ÉPOCA – Esse resultado terá algum impacto na situação política da região?
Bonilla –
Sim, claro. O que temos nesse momento em toda a região é um um cenário de maior heterogeneidade. O presidente Morales era um dos líderes de maior prestígio da esquerda latino-americana e sul-americana e esse é um golpe político que se refletirá internacionalmente. No entanto, a agenda de entidades como a Unasul ou a Celac sempre se constrói por consenso. De maneira que o peso do voto de um presidente é muito relativo porque os temas de interesse coletivo multilateral na América do Sul requerem unanimidade. Obviamente há algum tipo de impacto, mas na prática isso não será notado.

ÉPOCA – Em alguns países da América do Sul, as instituições democráticas parecem mais fortes que em outros. Por que isso acontece?
Bonilla –
Eu não estou seguro de integrar a Argentina nas democracias que tem debilidade institucional. Desde a substituição do presidente De La Rua, há estabilidade. O que acontece é que a política argentina tem uma retórica muito forte. Mas se alguém observa a fortaleza das instituições, não houve nenhuma grande erosão. Há um debate intenso entre os atores políticos, mas não há perigo de golpe de Estado ou nada do estilo. Não há sequer conflito entre os poderes Executivo, Legislativo e Judiciário. Não colocaria a Argentina nesse grupo. Temos democracias estáveis de larga data em vários países da região, com grandes conflitos.

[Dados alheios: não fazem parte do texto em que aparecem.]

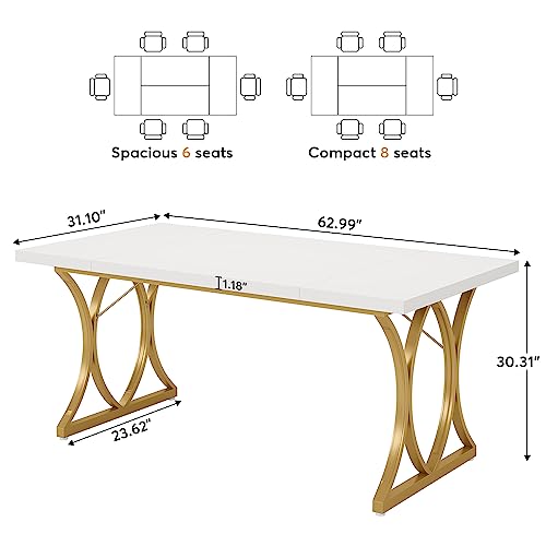 Tribesigns Modern Dining Table for 6 People, 63 L x31W x 30 H Inches Rectangle Kitchen Table Dinner Table for Dinning Room&Kitchen, Living Room,White & Gold

Esse é o caso da Colômbia. Se crermos que a América Latina é maior que a América do Sul, temos democracias muito estáveis, como a da Costa Rica que tem sido muito estável. Ela é provavelmente a mais estável no continente em termos históricos, assim como a do Uruguai. Eu acho que, em termos gerais, as crises política e econômica afetam muitos poucos países. Dentro da América do Sul, o caso mais dramático é o da Venezuela. Mas não encontro outro na região nessa situação. Na Bolívia, acabamos de ter um referendo para resolver um problema constitucional importante. P povo votou e foi resolvido o problema. E não tivemos cenários dramáticos em outros países nos últimos anos. Se compararmos a América Latina deste momento, da segunda década do século XXI, com a dos anos 1980 e 1990 do século XX, vamos perceber que a situação é bem melhor em termos de estabilidade institucional.

ÉPOCA – O resultado do referendo, seguido do anúncio do presidente Morales de que aceitava a decisão, são indicativos positivos do estado da democracia na Bolívia e na região?
Bonilla –
A aceitação do resultado por parte do presidente Morales expressa a vigência da institucionalidade boliviana e da democracia e seus instrumentos para dirimir a política, ainda que em contextos de alta polarização. Que um tema de importância suprema, como é o da reeleição, tenha sido resolvido em um referendo, com consulta ao povo, envia uma mensagem positiva para o conjunto da região.